TASK OBJECTIVE: Copy the lines below exactly, starting at the one with "配色セットアップ。襟からパン" and ending at the one with "茶室氛围布置高级感网红茶叶店背景墙面装饰贴画民宿禅意古风文化", and leave out any picture.

=== SOURCE INFORMATION ===

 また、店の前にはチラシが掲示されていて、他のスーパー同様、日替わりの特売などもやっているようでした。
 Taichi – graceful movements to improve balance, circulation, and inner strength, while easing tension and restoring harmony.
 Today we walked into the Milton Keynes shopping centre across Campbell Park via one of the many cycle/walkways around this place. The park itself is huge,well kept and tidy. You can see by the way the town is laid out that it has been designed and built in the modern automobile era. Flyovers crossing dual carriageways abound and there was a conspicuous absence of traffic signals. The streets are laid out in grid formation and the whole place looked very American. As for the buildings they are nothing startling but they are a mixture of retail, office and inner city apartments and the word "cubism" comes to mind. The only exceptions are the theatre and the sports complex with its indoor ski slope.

===
=== SOURCE INFORMATION ===

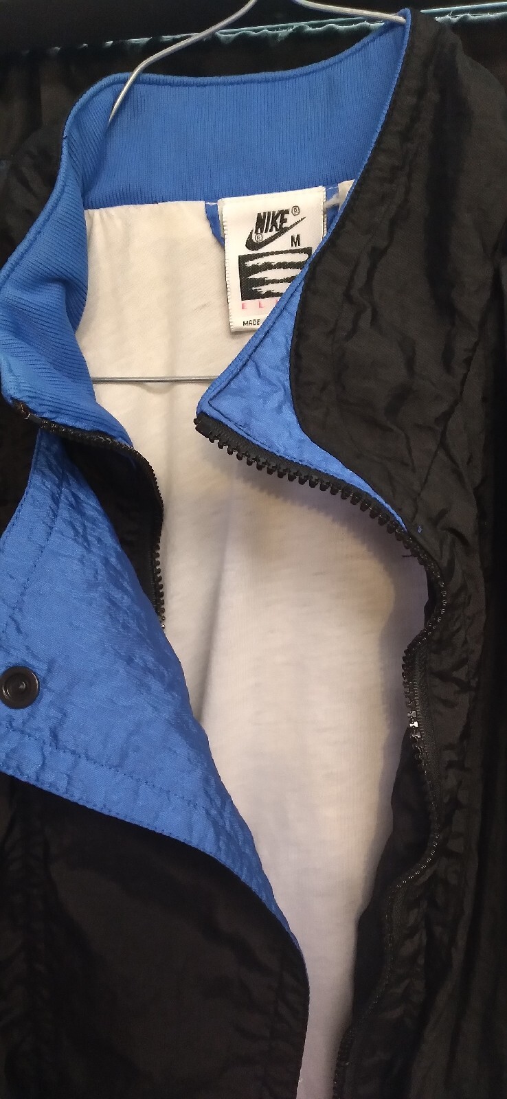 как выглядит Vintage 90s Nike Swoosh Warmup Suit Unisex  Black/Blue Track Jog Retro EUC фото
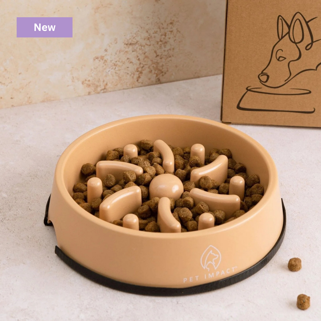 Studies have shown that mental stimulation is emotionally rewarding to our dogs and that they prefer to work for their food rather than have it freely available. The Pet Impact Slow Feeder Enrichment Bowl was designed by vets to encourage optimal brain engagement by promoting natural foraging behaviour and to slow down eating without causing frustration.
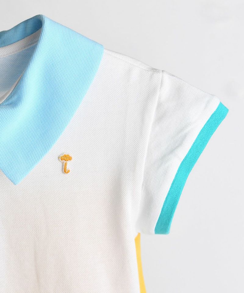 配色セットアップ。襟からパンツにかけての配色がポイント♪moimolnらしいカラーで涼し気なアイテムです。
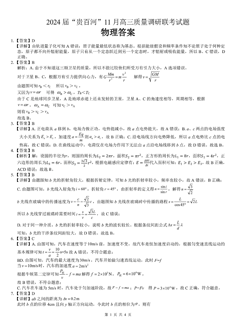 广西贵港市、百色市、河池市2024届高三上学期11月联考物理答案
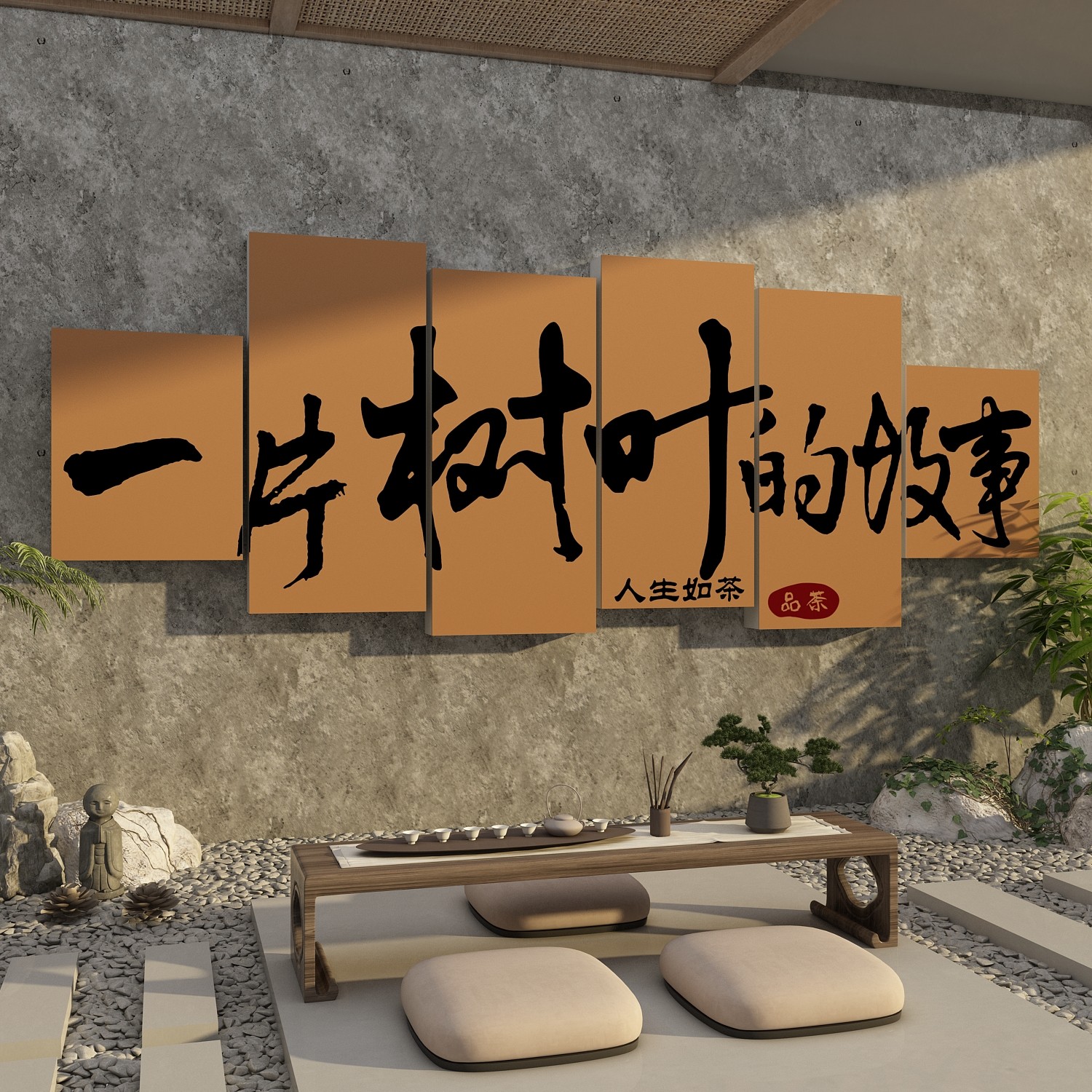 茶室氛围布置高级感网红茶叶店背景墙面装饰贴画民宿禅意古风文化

===

ANSWER BELOW:
 配色セットアップ。襟からパンツにかけての配色がポイント♪moimolnらしいカラーで涼し気なアイテムです。
 广西贵港市、百色市、河池市2024届高三上学期11月联考物理答案
 茶室氛围布置高级感网红茶叶店背景墙面装饰贴画民宿禅意古风文化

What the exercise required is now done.